I have been thinking about faith and religion a lot lately. Mostly because you guys all seem to be religious, and your faith seems to affect you a lot, because you think of it so often and make decisions based on your faith.
Would it offend anyone if I said that I have no religion? I was raised without one. My parents don’t believe in anything, and the closest “religion” they have is little snippets of Chinese superstition and traditions. We celebrate Christmas and Easter, but not with a, you know, religious tone. I’m not Buddhist or anything either, so I’m basically an atheist. Or, in the words of this card I once saw on the internet, a godless heathen.

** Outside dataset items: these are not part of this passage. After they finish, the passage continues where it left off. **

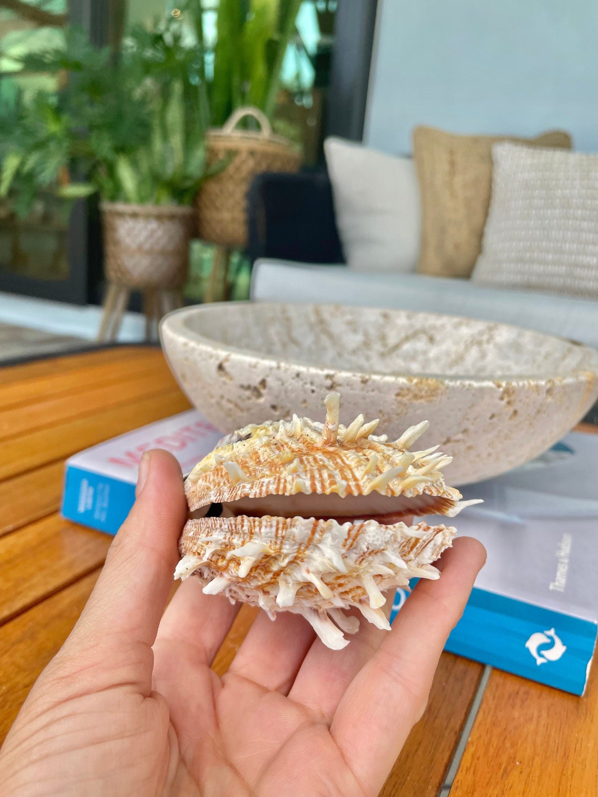 PACIFIC SPINY OYSTER Pairs Shells White/Brown *All Sizes* Paired Clams Seashell Beach Home Décor Spondylus. Each order is for one matching pair( one full shell). Shell is glued shut.
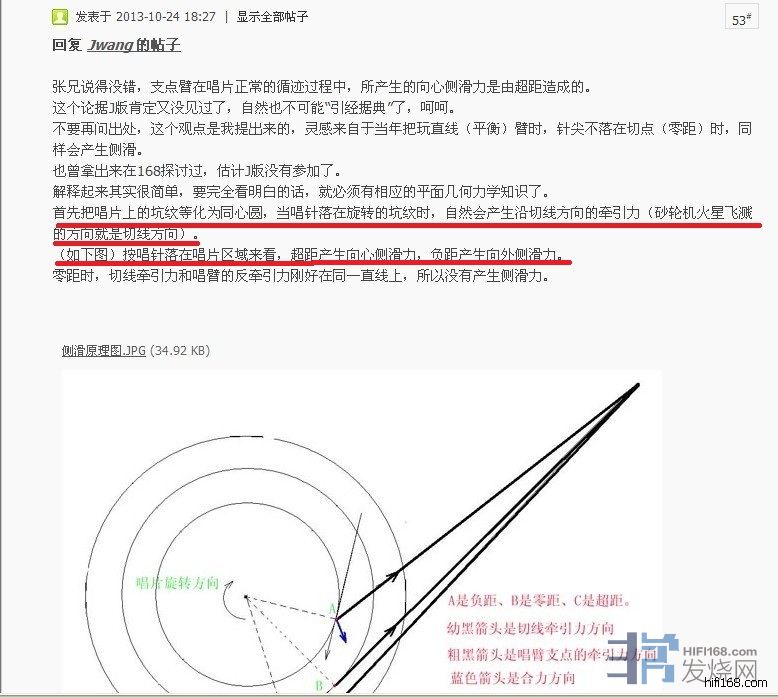 首先,在数学上,切线就是意味着在泰勒斯圆周上。在泰勒斯圆周之外,只有在两个零点上针杆和音槽成切线。也就是说,针和盘中心成直角。超距并不导致侧滑向内(或向心)。导致侧滑向内是因为针杆和音槽没有成为切线关系。这样就产生了一个向内的力。同样,负距下,由于针杆和音槽不成为切线关系,就产生了一个向外的力量。这样,侧滑就向外。所以,超距不导致侧滑向内。
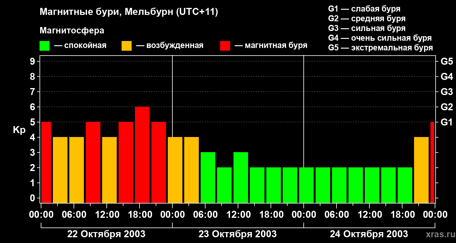 Магнитные бури в Мельбурне — 24 октября 2003 года
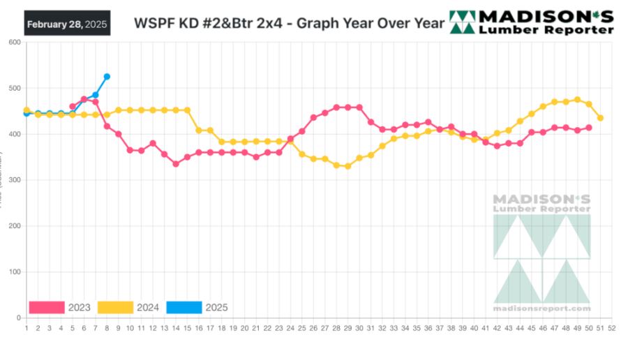 2×4 #2&Btr KD (RL) was US$525 mfbm, which is up +$40, or +8%, from the
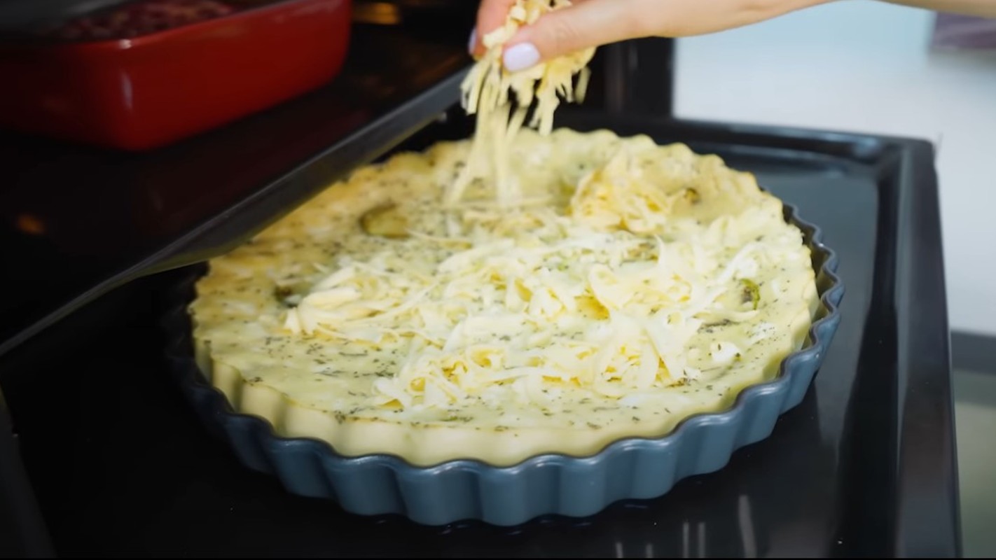 Для теста понадобится тщательно смешать все ингредиенты. Получившейся массой аккуратно залить кабачки, чтобы они не всплыли. Поставить в духовку.
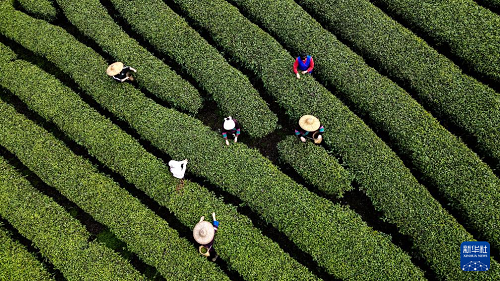 三江侗族自治縣同樂苗族鄉(xiāng)寨大村的茶農在山上采茶(3月21日攝,無人機照片)。(新華社記者 張愛林 攝)
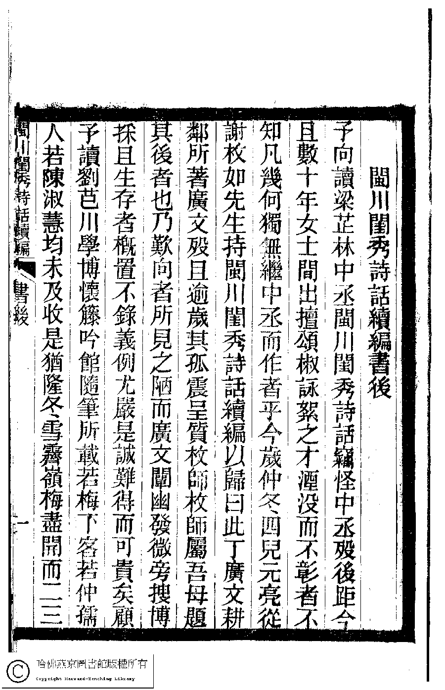 閩川閨秀詩話續編﹕四卷(清丁芸輯)![]() Page : 書後.3b | click for larger image | 閩川閨秀詩話續編﹕四卷(清丁芸輯)![]() Page : 書後.3a | click for larger image | Back |
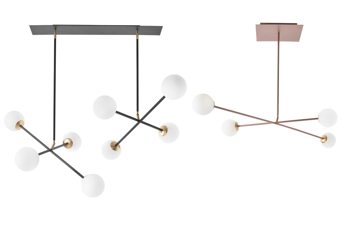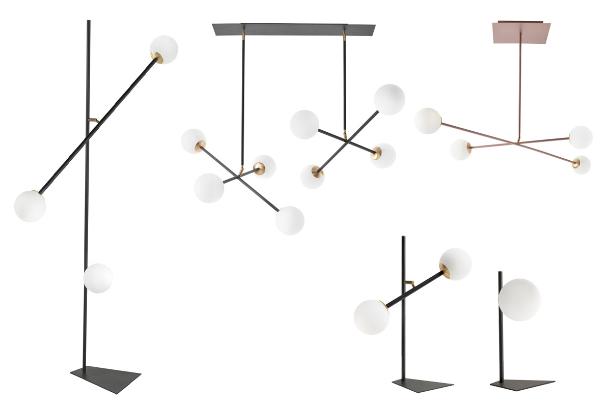 Meridian è una lampada firmata Riflessi disponibile nella versione da terra, d’appoggio (ad una o due luci) e a sospensione (a quattro o otto luci).
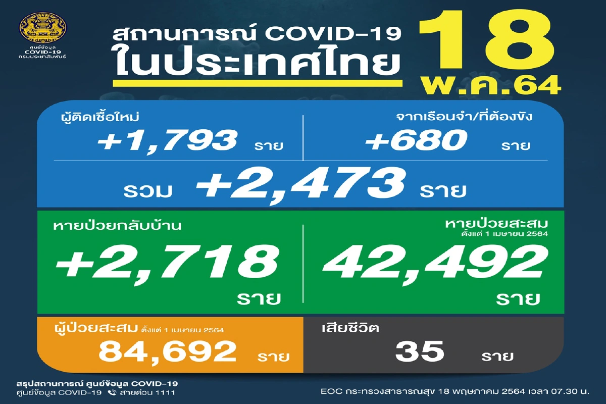 ศบค.รายงานพบผู้ติดเชื้อโควิดใหม่ 2,473 ราย แบ่งเป็นติดเชื้อใหม่ 1,793 ราย และติดเชื้อภายในเรือนจำ 680 ราย ขณะที่ผู้เสียชีวิตเพิ่มอีก 35 ราย ผู้ป่วยรักษาหายกลับบ้านได้เพิ่ม 2,718 ราย
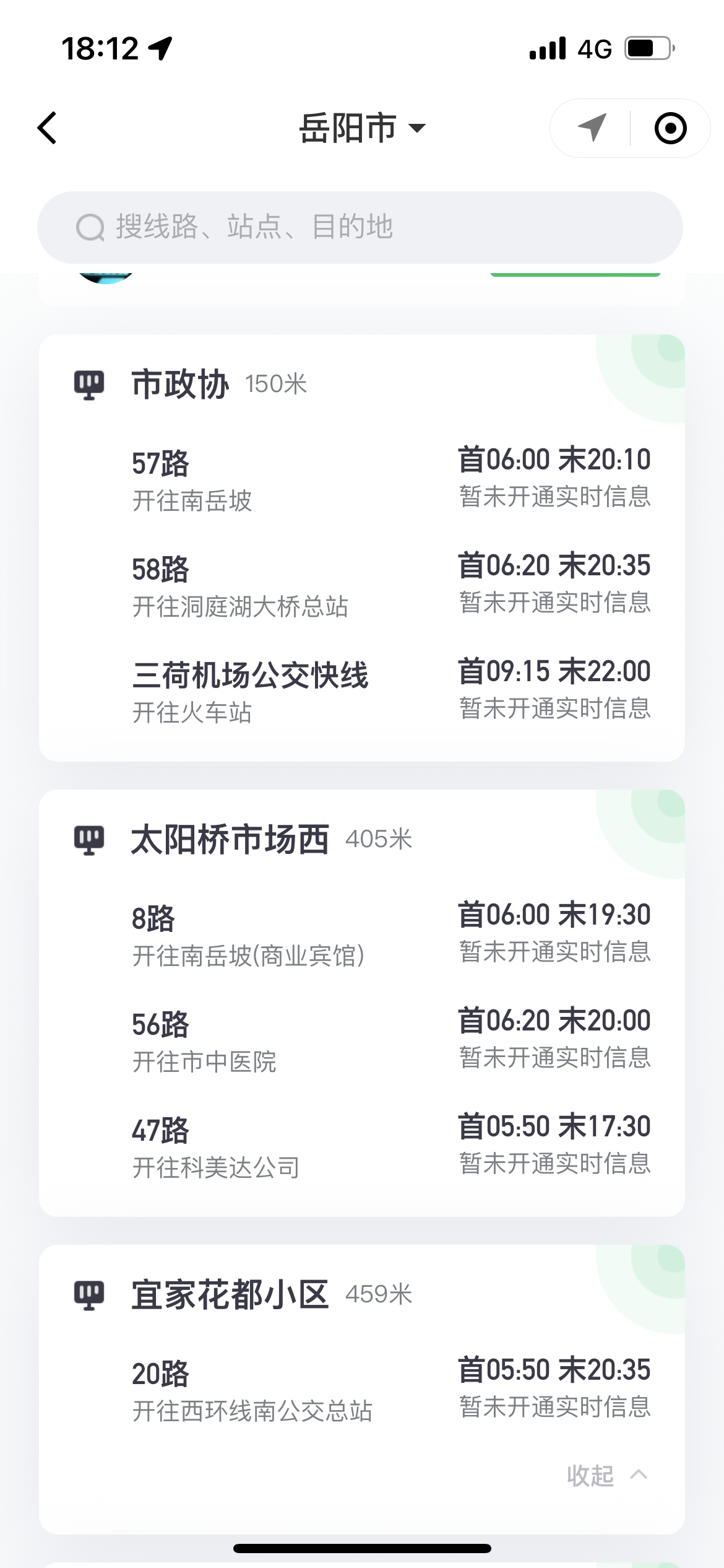 内容: 之前岳阳公交可以看到实时更新,前段时间开始就一直看不到了,这是什么情况呀?以前能在微信公交卡卡包里看到,现在就显示未开通实时信息,什么时候能恢复呢?

But then, I don’t know if I really do consider myself an atheist. Or godless. Atheists believe that there are no deities, that there is no God. But I don’t not believe in God, because I can’t prove that He doesn’t exist. And anyway, I do think that there must be something, someone out there who is to be feared and respected. There can’t just be nothing. So I suppose I believe in God because I don’t disbelieve in His existence.
Then again, I still don’t consider myself a part of any religion. I believe in God but I don’t believe in God the way a Christian believes in Him. I don’t go to church or, I don’t know, pray, or read the Bible. It’s more like I believe in Him by acknowledging that he’s there and watching…does that make sense? Like, I think of Him as more of a silent figure, who is always there. And I respect Him. But at the same time I also respect Buddha, who, to me, is just as watchful and silent as God. They’re all there in my head, and I follow the laws that they’ve made. It’s mostly because to me, they are…I don’t know, things that are bigger and older and wiser and far more powerful than anything on earth, and I think everyone, even an atheist, should respect that…you know, and not think too much of themselves or try to do anything really terrible, because there will be something that will see and punish them.
So really, religion, to me, is this way of accepting that there are things far larger and more eternal than anything humans could create. It’s faith in something out there–something beyond the universe. It’s faith that something–God, Allah, Buddha, whoever–is there, watching and existing. It’s faith that you hold in your heart and let guide you into becoming a better, kinder, more intelligent, more loving person. Religion is hope, and it’s faith, and faith is what keeps people living and going–even atheists, of course, because they must believe in other things: their family, their friends, love, knowledge or maybe just the human spirit.
My ideas might be kind of unacceptable to other people. I realized that as I was just reading over what I wrote. I never intended to offend anyone, or any religion.
But I am interested to hear what other people think about it all, so if you have something to say, just comment.